A recent survey by financial services company Acsis looked into the financial security of middle-income South Africans.
They were specifically interested in how secure people felt around their retirement. The survey focused on households earning R30 000 or more a month, the assumption being that at this income level one can afford to save.
The figures were not surprising; more than half of the people interviewed felt that they had not done enough in terms of retirement provision. We know from behavioural finance that people tend to overestimate their retirement provision, so this figure is probably even higher in reality.
An interesting analysis was done around the top three sources people used when making an investment decision, 52% used a financial adviser, 30% used the internet, 26% spoke to friends, family and work colleagues and 25% made decisions based on information in financial newspaper and magazines.
The survey also showed that people who used a financial planner tended to have saved more and had some form of financial plan in place. People who followed DIY strategies tended not to have their finances organised.
So where does the financial media fall into this and what role should it play? I believe the role of a financial article is to inform. If people have information they are able to make better decisions.

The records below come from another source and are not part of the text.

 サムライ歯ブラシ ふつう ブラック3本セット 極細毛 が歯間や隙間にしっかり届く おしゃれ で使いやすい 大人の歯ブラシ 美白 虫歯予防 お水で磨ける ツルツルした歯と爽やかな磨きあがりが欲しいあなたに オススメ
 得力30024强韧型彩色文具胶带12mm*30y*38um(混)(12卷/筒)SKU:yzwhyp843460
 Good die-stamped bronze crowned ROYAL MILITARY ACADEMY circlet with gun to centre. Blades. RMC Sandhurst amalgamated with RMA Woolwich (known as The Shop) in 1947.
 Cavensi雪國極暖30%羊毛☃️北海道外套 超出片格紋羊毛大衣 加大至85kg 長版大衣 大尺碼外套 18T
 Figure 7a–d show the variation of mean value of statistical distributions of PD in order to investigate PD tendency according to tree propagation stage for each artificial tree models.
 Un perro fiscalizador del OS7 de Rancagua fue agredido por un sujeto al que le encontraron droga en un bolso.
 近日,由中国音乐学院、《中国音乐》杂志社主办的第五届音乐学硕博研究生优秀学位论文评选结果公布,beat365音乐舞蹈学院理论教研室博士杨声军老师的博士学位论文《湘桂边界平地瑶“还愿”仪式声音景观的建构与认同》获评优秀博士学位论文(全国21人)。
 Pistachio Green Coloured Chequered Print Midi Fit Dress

A financial article does not tell people on an individual level what to do with their money, and this is a very important point.

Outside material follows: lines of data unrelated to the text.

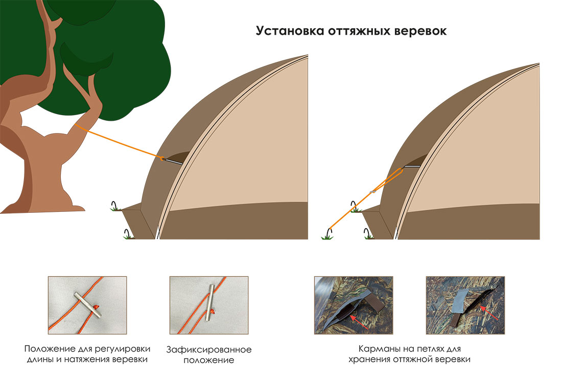 Светоотражающие оттяжки предусмотрены по периметру внешнего тента для безопасной стоянки и более удобного обнаружения палатки ночью. Треугольная форма создает большую площадь крепления к тенту, повышая ее надежность. В оттяжке есть карман для складывания веревки.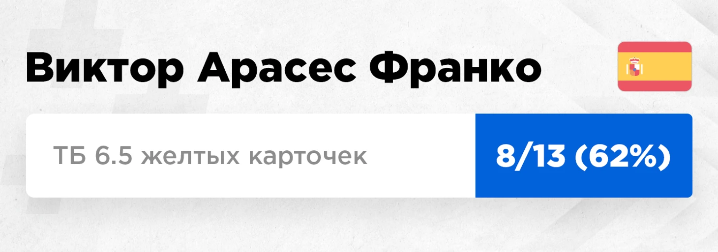 UPD. Вчера к статистике арбитра добавился еще один матч, где он снова пробил 6.5 желтых, а также показал красную карточку.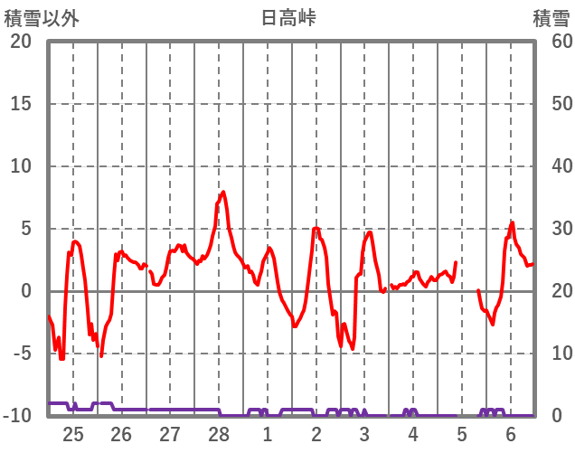 | 日 | 時 | 気温 | 降水 | 風向/風速 | 日照 | 積雪 | 降雪 |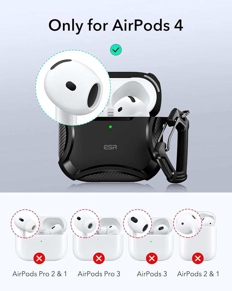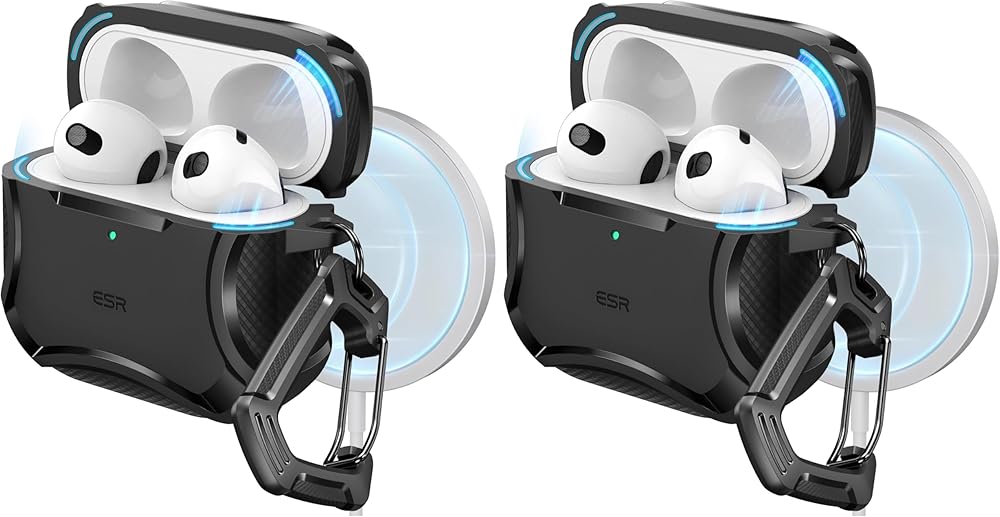ESR for AirPods 4 Case, Compatible with AirPods 4th Generation Case (2024), Compatible with MagSafe, Powerful Drop Protection, Magnetic Lid, Cyber Series, Black (Pack of 2)

For example the media is full of articles on offshore investing at the moment. It may be a good time theoretically to invest offshore, but if you require income from your investments or already have offshore exposure then it would be a bad idea for you.

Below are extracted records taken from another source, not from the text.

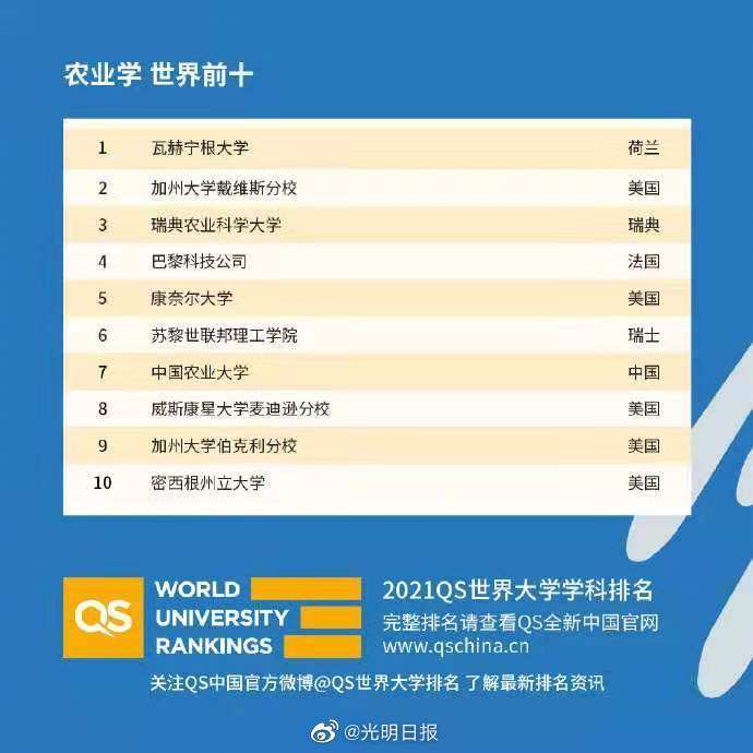 3月4日,QS全球教育集团发布了2021年世界大学学科排名。中国高校表现亮眼,共有122所大学的1134个学科上榜(含港澳台地区)。中国大陆共有88所大学的731个学科专业上榜,126个学科排名跻身世界前50名。今年,大陆排名最高的两个专业分别是清华大学的土木与结构工程和中国农业大学的农林专业,全球排名均为第7。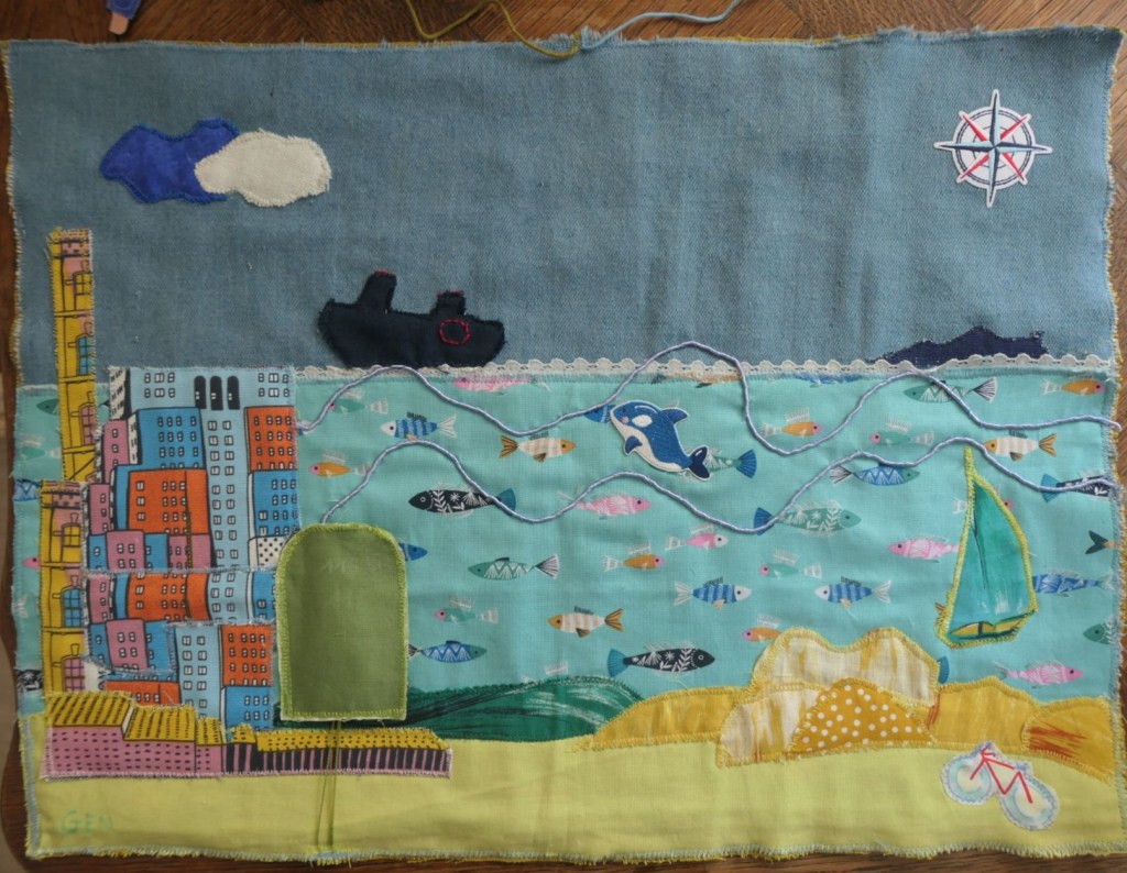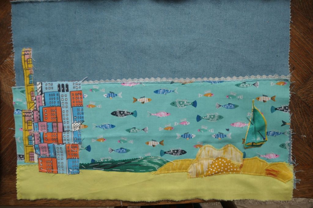 Je me suis amusée à faire d’abord un patching très coloré d’un tissu avec un imprimé de New York, un quartier de Brooklyn, et à le coudre sur un grand à plat de mer très poissonneuse.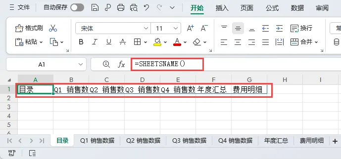 输入公式:=SHEETSNAME(,1)(第二个参数 “1” 代表竖排,默认 0 是横排),按回车。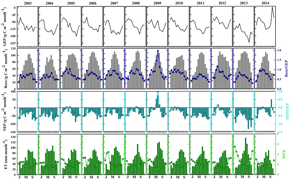 中国科学院华南植物园王林华助理研究员以南亚热森林生态系统为研究对象,利用森林冠层通量观测12年(2003-2014)的数据,明确了区域水热等相关环境变量的季节量变趋势,分析森林冠层季节碳通量组分和蒸散发对水热等相关环境变量变化的响应,量化生态系统总生产力(GEP)和生态系统呼吸(Reco)对各环境变量变化响应差异,发现GEP和Reco对水热因子响应的敏感性季节量变特征决定了生态系统季节和年度尺度上的净生产力(NEP)变化。研究结果表明了森林冠层通量对水热有效性变化的响应程度和非同步性响应决定其季节变化模式,从而对评估和预测森林生态系统过程对气候变化的响应具有重要意义。

Exchange traded funds may offer a slightly cheaper alternative, but they cannot provide asset allocation.
An older type retirement annuity may be more expensive than a new age one, but it may have better benefits for your needs or there may be significant costs in cashing it in.
As much as I write about topics and answer questions, these are very generic information exercises. They provide ideas and information to allow you to ask the right questions, but it can never take your entire financial situation into account. This is where the role of the financial adviser comes in.
Even if you can invest your money yourself, have you ever sat down and written a proper financial plan? Do you know how much money you need to meet your goals? Do you understand what risk you need to take to meet those goals? There are few people who have achieved this without an adviser, not necessarily because they dont know enough about investing, but because they lack the discipline. They need someone to make them sit down and face their financial future.
Despite having worked in the financial industry and writing on finance every week for various publications, I will be meeting with my financial adviser next week to check my financial plan and make sure I am moving in the right direction. I see my adviser as a financial coach. Ultimately I make my own financial decisions, but without the discipline from the coach those investments may never happen and that would be the biggest financial disaster of all.
In conclusion, good financial advice is worth paying for, the problem is that there are too many product pushers where people are paying for advice they are not getting.
So if you are going to pay for advice, make sure it is good advice. Read the papers and compare products on the internet so you are asking the right questions, but probably leave your family and friends out of the information equation — those conversations usually lead to the worst financial decisions.